Action item
For the records below, please print exactly and only the lines from the one with "#흔하게 볼 수 없는 붉은색 오로라가 집 위로, 내 머리 위로 쏟아지고 있었다" down to the one with "နေပြည်တော်ပြည်သူ့ဆေးရုံကြီး (ခုတင်−၁၀၀၀) သို့", both ends included, omitting the pictures.

Supplied data

■ ■ ■ ■ ■ ■ ■

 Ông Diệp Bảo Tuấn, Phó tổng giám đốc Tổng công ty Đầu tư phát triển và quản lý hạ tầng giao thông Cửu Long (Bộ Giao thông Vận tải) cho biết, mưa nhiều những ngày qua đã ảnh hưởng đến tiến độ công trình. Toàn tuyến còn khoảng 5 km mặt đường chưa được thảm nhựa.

■ ■ ■ ■ ■ ■ ■

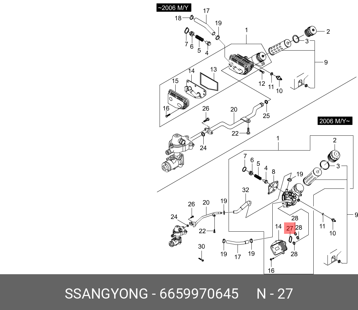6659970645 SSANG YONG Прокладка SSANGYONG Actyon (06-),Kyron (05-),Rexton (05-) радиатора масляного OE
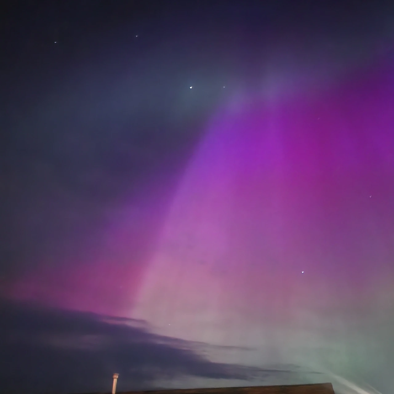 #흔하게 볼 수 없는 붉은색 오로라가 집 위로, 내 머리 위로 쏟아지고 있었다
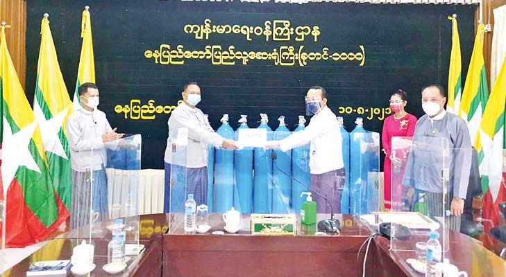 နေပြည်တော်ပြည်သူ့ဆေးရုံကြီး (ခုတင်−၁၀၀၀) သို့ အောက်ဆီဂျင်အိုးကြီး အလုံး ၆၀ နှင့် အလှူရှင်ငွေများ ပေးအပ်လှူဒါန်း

■ ■ ■ ■ ■ ■ ■

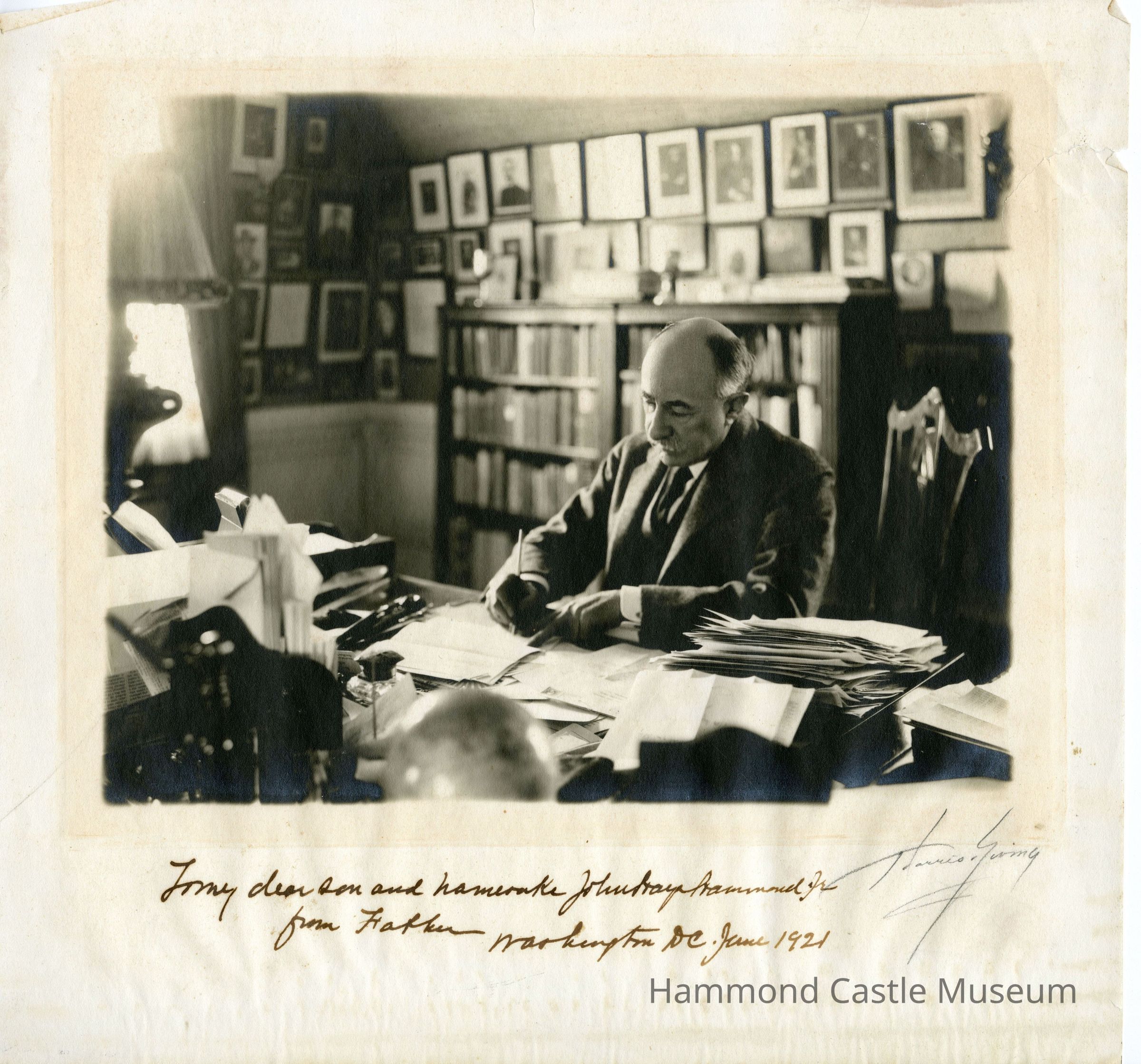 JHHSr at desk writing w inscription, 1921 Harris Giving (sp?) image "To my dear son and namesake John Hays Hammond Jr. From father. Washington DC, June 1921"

■ ■ ■ ■ ■ ■ ■

Response area
 #흔하게 볼 수 없는 붉은색 오로라가 집 위로, 내 머리 위로 쏟아지고 있었다
 နေပြည်တော်ပြည်သူ့ဆေးရုံကြီး (ခုတင်−၁၀၀၀) သို့ အောက်ဆီဂျင်အိုးကြီး အလုံး ၆၀ နှင့် အလှူရှင်ငွေများ ပေးအပ်လှူဒါန်း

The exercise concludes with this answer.